A correlation was found between ROS and mitochondria in apoptosis, as high levels of ROS disrupt the inner and outer mitochondrial membrane and result in release of cytochrome C from the mitochondria [30]. Cytochrome C protein activates the caspases and induces apoptosis, which has been reported to be significantly higher in oxidative stress induced infertile men [26]. The number of mt DNA in sperm (1.2 mt DNA per mt) is far fewer than in somatic cell, (1000 to 1 lakh). Mutations and sequence variations in mt DNA result in early phenotypic variations [29] leading to morphological defects in spermatozoa. It has been reported that during sperm remodelling not only sperm nuclear genome undergo extensive reorganization but also mitochondrial copy number is reduced to minimize chances of paternal transmission of mt DNA.

Jc-1, is a micro-tracker dye that can report the functional state of the mitochondria and depending on the redox potential it can be driven inside the mitochondrial membrane [30].

Nuclear DNA damage and ROS: nuclear DNA experiences changes mainly due to three mechanisms- environmental pollutants, persistence of which following meiosis causes defective chromatin packaging. Several other factors can also induce DNA damage, these include altered protamine1: protamine2 ratio, higher temperature, varicocele, electromagnetic radiation, xenobiotics and supraphysiological ROS levels.

The mechanism of DNA damage is predominantly seen in oxidative stress induced by xenobiotic exposure. One of the first hypotheses to be advanced concerning the origins of DNA damage in the male germ line, focused on the physiological strand breaks created by topoisomerase during spermiogenesis as a means of relieving the torsional stresses created as DNA is condensed and packaged into the differentiating sperm head [31,32]. Normally these strand breaks are marked by a histone phosphorylation event (gamma-H2AX; H2A histone family, member X) and fully resolved by topoisomerase before spermatozoa are released from the germinal epithelium during spermiogenesis [33]. If these repair mechanisms are impaired, which occurs especially on exposure to xenobiotics and irradiation, high levels of DNA damage will be noticed, with double strand breaks with persistent expression of gamma-H2AX and DNA repair/maintenance proteins like RAD50 (radiation sensitive) and 53BPI (Binary Protein Interaction) [34].

Sperm with DNA damage that fertilize oocyte are repaired by oocyte repair mechanisms before first round of replication, to prevent replication of damaged DNA. But if the damage is too extensive and especially accumulation of oxidative by-products like etheno nucleosides can inhibit oocyte nucleotide excision repair mechanisms and thereby result in propagation of damaged DNA. This maybe the underlying mechanisms of pre and post implantation failure following IVF/ ICSI and increased incidence of major and minor congenital malformations in children conceived through these techniques.

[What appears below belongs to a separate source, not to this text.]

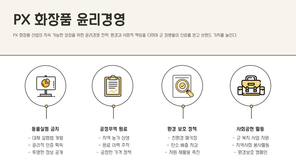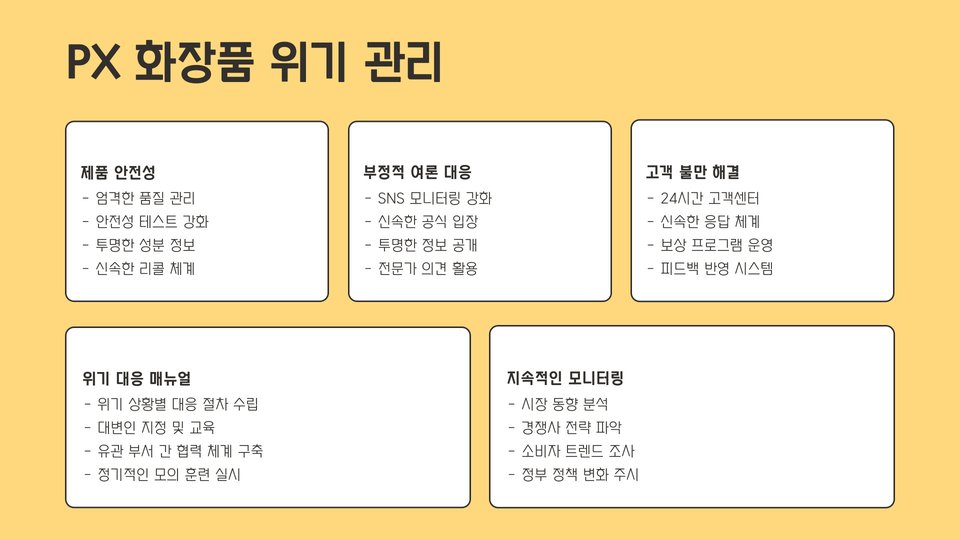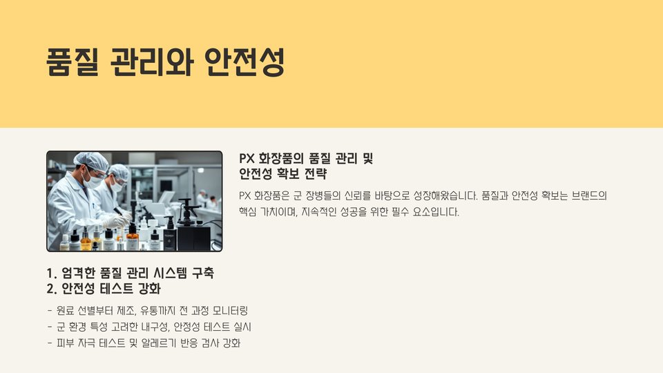 마지막으로, px 화장품은 품질 관리와 혁신을 지속적으로 추구해야 합니다. 고객의 기대를 초과하는 품질을 제공하기 위해서는 철저한 품질 관리를 통해 제품의 일관성을 유지해야 합니다. 품질 불량이 발생할 경우, 브랜드 이미지에 큰 타격을 줄 수 있으므로 주의가 필요합니다.

A two-step hypothesis has been proposed regarding the DNA damage in the germ line [35]. According to this hypothesis the first step in the DNA damage cascade has its origins in spermiogenesis when the DNA is being remodelled prior to condensation. Defects in the chromatin remodelling process result in the production of spermatozoa that are characterized by an overall reduction in the efficiency of protamination, an abnormal protamine1 to protamine2 ratio and relatively high nucleohistone content [30,36,37]. These defects in the chromatin remodelling process create a state of vulnerability, whereby the spermatozoa become susceptible to oxidative damage. In the second step of this DNA damage cascade, the chromatin is attacked by high free radical levels.

Sources of ROS are 1) generation of reactive oxygen species (ROS) by leukocytes as a consequence of male genital tract infections; 2) electromagnetic radiation, including heat or radio frequency radiation in the mobile phone range; 3) redox cycling metabolites or xenobiotics, such as catechol estrogens or quinones; 4) ROS generated as a consequence of electron leakage from the sperm mitochondria; and 5) deficiency in the antioxidant protection afforded to these vulnerable cells during their transit through the male reproductive tract [35,38].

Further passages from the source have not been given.